Thereafter, or if the flag is not equal to zero, as determined in
decision block 1332, the process loops back to decision block
1320.
[0068] Referring now to FIG. 14, a flow chart illustrating the set
word list process 766 of FIG. 7 is shown. The set word list process
766 starts in block 1400 and current is set equal to head in block
1402. If current is equal to NULL, as determined in decision block
1404, head is set to new article word in block 1406 and the process
ends in block 1408. If, however, current is not equal to NULL, as
determined in decision block 1404, and the next current is equal to
NULL, as determined in decision block 1410, current is set to the
next new article word in block 1412 and the process ends in block
1408. If, however, the next current is not equal to NULL, as
determined in decision block 1410, current is set to the next block
1414 and the process loops back to decision block 1410.
[0069] Now referring to FIGS. 15A and 15B, a flow chart
illustrating the write report process 350 of FIGS. 3A and 3B is
shown. The write report process 350 starts in block 1500,
declarations are made in block 1502 and the report file is opened
in block 1504. If the current article is NULL, as determined in
decision block 1506, the number of abstracts searched is added to
the string in block 1508, the string is written to the file in
block 1510, the file is closed in block 1512 and the process ends
in block 1514. If, however, the current article is not NULL, as
determined in decision block 1506, the count and ".backslash.t" are
added to the string in block 1516 and the readability score is
obtained in block 1518. If the Gunning Fog Index of readability was
selected by the user, as determined in decision block 1520, the
readability score is checked in block 1522. If, however, the
Gunning Fog Index of readability was not selected by the user, as
determined in decision block 1520, but the Flesch Readability Score
was selected, as determined in decision block 1524, the readability
score is checked in block 1526. If, however, the Flesch Readability
Score was not selected by the user, as determined in decision block
1524, but both the Gunning Fog Index of readability and the Flesch
Readability Score were selected, as determined in decision block
1528, both readability scores are checked in block 1530. If,
however, both the Gunning Fog Index of readability and the Flesch
Readability Score were not selected, as determined in decision
block 1528, no readability method was specified.

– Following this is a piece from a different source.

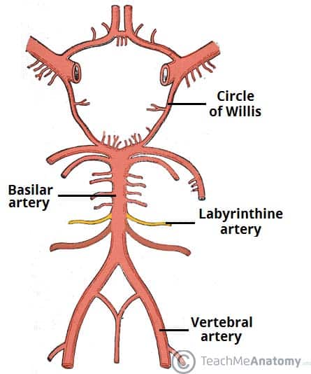 The ear can be divided into three parts: the outer ear, middle ear and inner ear. The inner ear is the innermost part of the ear, and houses the vestibulocochlear organs. It has two main functions: To convert mechanical signals from the middle ear into electrical signals, which can transfer information to the auditory pathway in the brain. To maintain balance by detecting position and motion. In this article, we shall look at the anatomy of the inner ear – its position, structure, and neurovascular supply. By TeachMeSeries Ltd (2025) Fig 1Overview of the ear Pro Feature - 3D Model You've Discovered a Pro Feature Access our 3D Model Library Explore, cut, dissect, annotate and manipulate our 3D models to visualise anatomy in a dynamic, interactive way. Learn More Anatomical Position and Structure The inner ear is located within the petrous part of the temporal bone. It lies between the middle ear and the internal acoustic meatus, which lie laterally and medially respectively. The inner ear has two main components – the bony labyrinth and membranous labyrinth. Bony labyrinth – consists of a series of bony cavities within the petrous part of the temporal bone. It is composed of the cochlea, vestibule and three semi-circular canals. All these structures are lined internally with periosteum and contain a fluid called perilymph. Membranous labyrinth – lies within the bony labyrinth. It consists of the cochlear duct, semi-circular ducts, utricle and the saccule. The membranous labyrinth is filled with fluid called endolymph. The inner ear has two openings into the middle ear, both covered by membranes. The oval window lies between the middle ear and the vestibule, whilst the round window separates the middle ear from the scala tympani (part of the cochlear duct). Bony Labyrinth The bony labyrinth is a series of bony cavities within the petrous part of the temporal bone. It consists of three parts – the cochlea, vestibule and the three semi-circular canals. Vestibule The vestibule is the central part of the bony labyrinth. It is separated from the middle ear by the oval window, and communicates anteriorly with the cochlea and posteriorly with the semi-circular canals. Two parts of the membranous labyrinth; the saccule and utricle, are located within the vestibule. Cochlea The cochlea houses the cochlea duct of the membranous labyrinth – the auditory part of the inner ear. It twists upon itself around a central portion of bone called the modiolus, producing a cone shape which points in an anterolateral direction. Branches from the cochlear portion of the vestibulocochlear (VIII) nerve are found at the base of the modiolus. Extending outwards from the modiolus is a ledge of bone known as spiral lamina, which attaches to the cochlear duct, holding it in position. The presence of the cochlear duct creates two perilymph-filled chambers above and below: Scala vestibuli: Located superiorly to the cochlear duct. As its name suggests, it is continuous with the vestibule. Scala tympani: Located inferiorly to the cochlear duct. It terminates at the round window. Semi-circular Canals There are three semi-circular canals: anterior, lateral and posterior. They contain the semi-circular ducts, which are responsible for balance (along with the utricle and saccule). The canals are situated superoposterior to the vestibule, at right angles to each other. They have a swelling at one end, known as the ampulla. By TeachMeSeries Ltd (2025) Fig 2The three parts of the bony labyrinth. Membranous Labyrinth The membranous labyrinth is a continuous system of ducts filled with endolymph. It lies within the bony labyrinth, surrounded by perilymph. It is composed of the cochlear duct, three semi-circular ducts, saccule and the utricle. The cochlear duct is situated within the cochlea and is the organ of hearing. The semi-circular ducts, saccule and utricle are the organs of balance (also known as the vestibular apparatus). Cochlear Duct The cochlear duct is located within the bony scaffolding of the cochlea. It is held in place by the spiral lamina. The presence of the duct creates two canals above and below it – the scala vestibuli and scala tympani respectively. The cochlear duct can be described as having a triangular shape: Lateral wall – Formed by thickened periosteum, known as the spiral ligament. Roof – Formed by a membrane which separates the cochlear duct from the scala vestibuli, known as the Reissner’s membrane. Floor – Formed by a membrane which separates the cochlear duct from the scala tympani, known as the basilar membrane. The basilar membrane houses the epithelial cells of hearing – the Organ of Corti. A more detailed description of the Organ of Corti is beyond the scope of this article. By TeachMeSeries Ltd (2025) Fig 3Structure of the cochlea, and borders of the cochlear duct. Saccule and Utricle The saccule and utricle are two membranous sacs located in the vestibule. They are organs of balance which detect movement or acceleration of the head in the vertical and horizontal planes, respectively. The utricle is the larger of the two, receiving the three semi-circular ducts. The saccule is globular in shape and receives the cochlear duct. Endolymph drains from the saccule and utricle into the endolymphatic duct. The duct travels through the vestibular aqueduct to the posterior aspect of the petrous part of the temporal bone. Here, the duct expands to a sac where endolymph can be secreted and absorbed. Semi-circular Ducts The semi-circular ducts are located within the semi-circular canals, and share their orientation. Upon movement of the head, the flow of endolymph within the ducts changes speed and/or direction. Sensory receptors in the ampullae of the semi-circular canals detect this change, and send signals to the brain, allowing for the processing of balance. By TeachMeSeries Ltd (2025) Fig 4The components of the membranous labyrinth. Vasculature The bony labyrinth and membranous 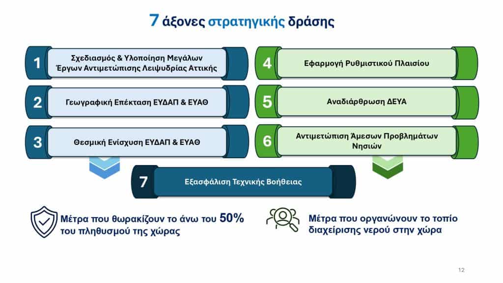 Ταυτόχρονα, επέκταση αρμοδιοτήτων ΕΥΔΑΠ/ΕΥΑΘ και στην άρδευση: Πρόκειται για μια σημαντική μεταρρύθμιση με στόχο την συνολική διαχείριση του νερού. Για πρώτη φορά οι ΕΥΔΑΠ & ΕΥΑΘ θα έχουν συνολική ευθύνη και για την ύδρευση και για την άρδευση στην γεωγραφική περιοχή της αρμοδιότητάς τους. Αποτελεί ένα πρώτο βήμα στο νοικοκύρεμα 750 παρόχων σε ένα κατακερματισμένο τοπίο.

[0070] After the readability scores have been checked in blocks
1522, 1526 or 1530, or no readability method was specified, the
article name is added to the string in block 1536. The string is
then written to the file in block 1538 and the word object is
retrieved in block 1540. If the current word is not equal to NULL,
as determined in decision block 1542, the word, count for the query
and count for the article are added to the file in block 1544, and
the string is written to the file in block 1546. Thereafter, the
current word is set equal to the next word in the list of words for
this article in block 1548 and the process loops back to decision
block 1542. If, however, the current word is equal to NULL, as
determined in decision block 1542, the string is written to the
file in block 1550 and the current article is set to the next
article in the list in block 1552. Thereafter, the process loops
back to decision block 1506.
[0071] Referring now to FIG. 16, a flow chart illustrating another
implementation of the present invention with grammar induction is
shown. The present invention 1600 starts in block 1602 and a user
specifies certain operating parameters in block 1604. These
operating parameters may include a paragraph containing the search
terms, a file name where the results are to be stored, an e-mail
address for sending notifications, an extraction method to be used,
the use of grammar induction and a stop words list. One or more
keywords are then extracted from the paragraph and counted in block
1606. Various search options and the extracted keywords are
displayed to the user in block 1608. Thereafter, the user selects
the desired search options in block 1610. Note that certain default
settings may be used so that the user can run the search without
reentering the search options each time the process is run. Note
that the default settings can be determined by the system or the
user or a combination of both. Once all the search options are
selected, the user can submit the search. If the search is not
submitted or cancelled, as determined in decision block 1612, all
of the directories are cleared and everything having to do with the
cancelled submission is erased in block 1614. Processing then
returns to block 1602 where the process re-starts. The user may be
given the option to exit the process at anytime during the
processing functions illustrated between blocks 1602 and 1614.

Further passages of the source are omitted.